SYSTEM Cited by 8 sources
eBPF¶
eBPF (extended Berkeley Packet Filter) is a Linux kernel
subsystem that lets user-space load small, verifier-gated programs
that run in kernel context in response to system events (syscalls,
network packets, kprobes, uprobes, tracepoints, scheduler hooks, LSM
hooks, XDP, etc.). It replaces kernel-module development for most
observability, networking, and security use cases: no custom-compiled
kernel, no stability risk from a runaway module, safer than ptrace
or the Linux Audit framework for equivalent visibility.
Execution model¶
- Programs are attached to kernel hooks (kprobes, uprobes, tracepoints, XDP, TC classifiers, socket filters, cgroup attachments, LSM hooks, raw tracepoints).
- The verifier statically proves termination, memory-safety, and bounded complexity before loading — this is the load-bearing safety mechanism, and the primary source of cross-kernel variability.
- Programs can read/write eBPF maps — typed key/value data structures (hash, LRU hash, array, per-CPU array, ring buffer, task/inode storage, …) shared with user-space.
- Output to user-space is typically via ring buffer maps (or the older perf buffer); the consumer mmap's the ring and reads events.
Why production platforms adopt it¶
- Process + container context at syscall granularity — hooks
can read
task_struct, mount namespace, cgroup, etc., giving event-level attribution thatinotify/fanotifylack. - Performance.

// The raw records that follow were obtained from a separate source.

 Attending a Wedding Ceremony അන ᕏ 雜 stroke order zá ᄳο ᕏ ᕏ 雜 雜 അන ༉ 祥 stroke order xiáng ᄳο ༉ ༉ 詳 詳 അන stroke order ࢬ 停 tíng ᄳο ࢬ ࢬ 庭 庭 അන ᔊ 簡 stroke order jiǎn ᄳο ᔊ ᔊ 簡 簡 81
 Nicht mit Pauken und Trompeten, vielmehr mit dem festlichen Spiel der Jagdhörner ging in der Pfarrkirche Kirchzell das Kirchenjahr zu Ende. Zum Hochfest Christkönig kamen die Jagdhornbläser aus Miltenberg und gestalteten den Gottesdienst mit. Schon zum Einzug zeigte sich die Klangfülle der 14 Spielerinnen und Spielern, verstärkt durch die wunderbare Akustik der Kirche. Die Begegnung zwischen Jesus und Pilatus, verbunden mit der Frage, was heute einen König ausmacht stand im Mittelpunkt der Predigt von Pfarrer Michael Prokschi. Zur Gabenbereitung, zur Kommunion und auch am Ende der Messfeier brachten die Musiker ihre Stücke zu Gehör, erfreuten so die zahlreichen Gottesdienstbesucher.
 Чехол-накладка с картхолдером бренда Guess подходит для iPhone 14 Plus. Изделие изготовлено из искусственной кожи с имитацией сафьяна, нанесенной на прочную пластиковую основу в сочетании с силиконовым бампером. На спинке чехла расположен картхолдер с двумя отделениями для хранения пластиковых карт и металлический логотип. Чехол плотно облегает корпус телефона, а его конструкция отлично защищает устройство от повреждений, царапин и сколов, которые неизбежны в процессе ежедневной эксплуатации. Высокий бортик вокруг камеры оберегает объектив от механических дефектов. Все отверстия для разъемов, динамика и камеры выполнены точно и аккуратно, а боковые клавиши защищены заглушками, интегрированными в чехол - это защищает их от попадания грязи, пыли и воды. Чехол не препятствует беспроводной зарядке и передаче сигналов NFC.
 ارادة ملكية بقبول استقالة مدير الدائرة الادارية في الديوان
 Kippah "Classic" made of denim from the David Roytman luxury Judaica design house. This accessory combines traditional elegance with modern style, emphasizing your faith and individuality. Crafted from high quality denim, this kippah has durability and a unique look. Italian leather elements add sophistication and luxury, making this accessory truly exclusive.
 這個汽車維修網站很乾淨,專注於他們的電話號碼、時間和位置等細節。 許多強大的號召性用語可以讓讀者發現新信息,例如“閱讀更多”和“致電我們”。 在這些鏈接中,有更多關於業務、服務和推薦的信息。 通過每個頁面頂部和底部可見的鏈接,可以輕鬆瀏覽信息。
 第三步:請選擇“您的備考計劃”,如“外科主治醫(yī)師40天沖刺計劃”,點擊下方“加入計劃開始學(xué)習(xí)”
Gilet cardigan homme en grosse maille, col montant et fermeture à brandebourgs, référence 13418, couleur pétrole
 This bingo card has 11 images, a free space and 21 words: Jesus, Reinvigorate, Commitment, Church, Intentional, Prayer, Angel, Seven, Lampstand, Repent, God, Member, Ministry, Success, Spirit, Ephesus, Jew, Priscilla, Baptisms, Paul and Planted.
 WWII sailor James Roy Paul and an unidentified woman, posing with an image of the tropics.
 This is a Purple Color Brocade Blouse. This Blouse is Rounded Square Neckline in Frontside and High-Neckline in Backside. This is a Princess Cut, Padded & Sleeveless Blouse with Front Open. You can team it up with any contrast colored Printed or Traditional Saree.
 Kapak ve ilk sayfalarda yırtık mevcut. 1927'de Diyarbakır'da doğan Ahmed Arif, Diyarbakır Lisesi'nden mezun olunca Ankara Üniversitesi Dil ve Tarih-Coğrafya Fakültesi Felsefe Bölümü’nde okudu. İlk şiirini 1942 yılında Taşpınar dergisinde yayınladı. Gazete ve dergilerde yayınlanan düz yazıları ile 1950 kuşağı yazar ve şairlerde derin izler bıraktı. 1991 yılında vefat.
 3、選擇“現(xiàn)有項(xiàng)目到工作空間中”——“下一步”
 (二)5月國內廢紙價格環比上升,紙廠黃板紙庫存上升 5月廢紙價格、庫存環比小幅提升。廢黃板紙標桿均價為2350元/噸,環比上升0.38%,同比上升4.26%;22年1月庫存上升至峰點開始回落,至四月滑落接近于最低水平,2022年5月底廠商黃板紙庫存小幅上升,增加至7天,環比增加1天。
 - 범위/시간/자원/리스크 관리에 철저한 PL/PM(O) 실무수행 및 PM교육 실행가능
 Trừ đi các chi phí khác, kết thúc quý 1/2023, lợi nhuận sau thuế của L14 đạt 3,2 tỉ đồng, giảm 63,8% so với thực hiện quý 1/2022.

In-kernel execution avoids context switches
to user space for the common case (filter / drop / count);
generally lower overhead than
ptraceor audit. - Safety. Verifier + JIT sandbox replaces the correctness + ABI-stability risks of custom kernel modules.
- Unified visibility. Process + FS + network + LSM through
one mechanism — no need to combine
inotify+ Netlink + tracepoints separately. - Namespace / cgroup / container consistency — works uniformly across containerised workloads.
- BPF LSM enables mandatory-access-control enforcement, not just observation.
- Programmable data plane. User-space is the control plane that compiles rules into maps; eBPF programs + maps are the data plane (concepts/control-plane-data-plane-separation).
Portability: CO-RE¶
eBPF's biggest operational improvement has been
Compile Once – Run Everywhere: BTF-metadata-driven field-offset
patching at load time, letting one compiled program run across
kernels with different task_struct / sk_buff / etc. layouts.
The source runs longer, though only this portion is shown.